On TeslaC1060, compared to cuda 2.3
my method: 445.7 Gflop/s
CUDA 2.3: 227.7 Gflop/s
So far, I have no idea about this pattern. It indeed can speedup CGEMM and SGEMM.
From the Copyright information of CUDA CUBLAS Library 2.x, seems only SGEMM and DGEMM are using Volkov’s codes while CGEMM is not. I think perhaps the CUBLAS CGEMM code has not been heavily optimized yet. But after all, the performance you achieved is great.

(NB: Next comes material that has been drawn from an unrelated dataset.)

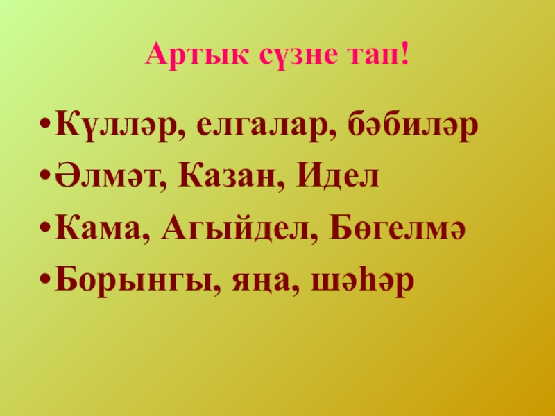 Артык сүзне тап!Күлләр, елгалар, бәбиләрӘлмәт, Казан, ИделКама, Агыйдел, БөгелмәБорынгы, яңа, шәһәр

If you can achieve over 66% of the peak performance with your code, then obviously there is no other explanation than dual issue. As you mentioned, there is one shared memory read for only two mads. Without dual issue, you are not able to achieve over 2/3 of the peak performance(only counting mads), and you did. I am curious, too as dual issue is somewhat like a myth. Maybe we need some professional answers.
Thanks! But it still does not work. I am using Ubuntu, and I don’t know whether it’s OS-related. Anyway, I manually modified my code to an extent similar to your method1_variant, and for N=4096, I got 485 GFLOPS on GTX285, compared to 425 GFLOPS with CUBLAS.
I tried 1 shared mem read for 4 mads, too, and it’s a little slower than CUBLAS. According to assembly generated by decuda, it’s bounded by low percentage of mad instructions. I wonder besides dual-issue or parallel shared mem/MAD, is volkov’s code or CUBLAS the best implementation?
2.I mean theoretically each thread computes 16x4 elements should deliever better performance without dual-issue. If we have more registers per SM, we could achieve that. Fermi seems have twice the number of registers than GTX200, but I dont have a card.
This looks great. A co-worker and I have an application where we could really benefit from this speed. BUT we’re both linux guys and are in need of a bit of assistance in how to use/compile this package. If anybody could throw up a makefile or jot down some instructions on how to call one of these routines from another cu file, that’d be great.
@LSChien: Thanks for the information. Upon further reading I see that you already had that written down somewhere. Sorry I didn’t read more carefully before. You are right though about the cubin files. I’m using CUDA 3.1 and a GTX480. The cubin files won’t load which I guess isn’t surprising. I will try it out on another machine with CUDA 2.3 and a C1060 card.
If at all possible, could you provide cubin files for compute capability 2.0? I had no trouble compiling with CUDA 3.1, so I’m curious if you compiled with 3.1 and specified -arch=sm_20 if that would solve this problem. I’d be happy to post GTX480 benchmarks if we could get that running.
Thanks for the info. I’ll give it a try. Even without Fermi capability the code is great. My production code has ~3X speed-up from using your cgemm. Thanks for providing it.
Hi,
I’m interested in these fast SGEMM implementations, but I’m mainly working on IPhone and its GPU ( PowerVR’s SGX ) do not support either CUDA or OpenCL, but do support shaders using OpenGLES 2.0.
Does any of you know a way to easily convert this Cuda/OpenCL SGEMM code into a GLSL code so that I could use it on the iPhone ?
Thanks !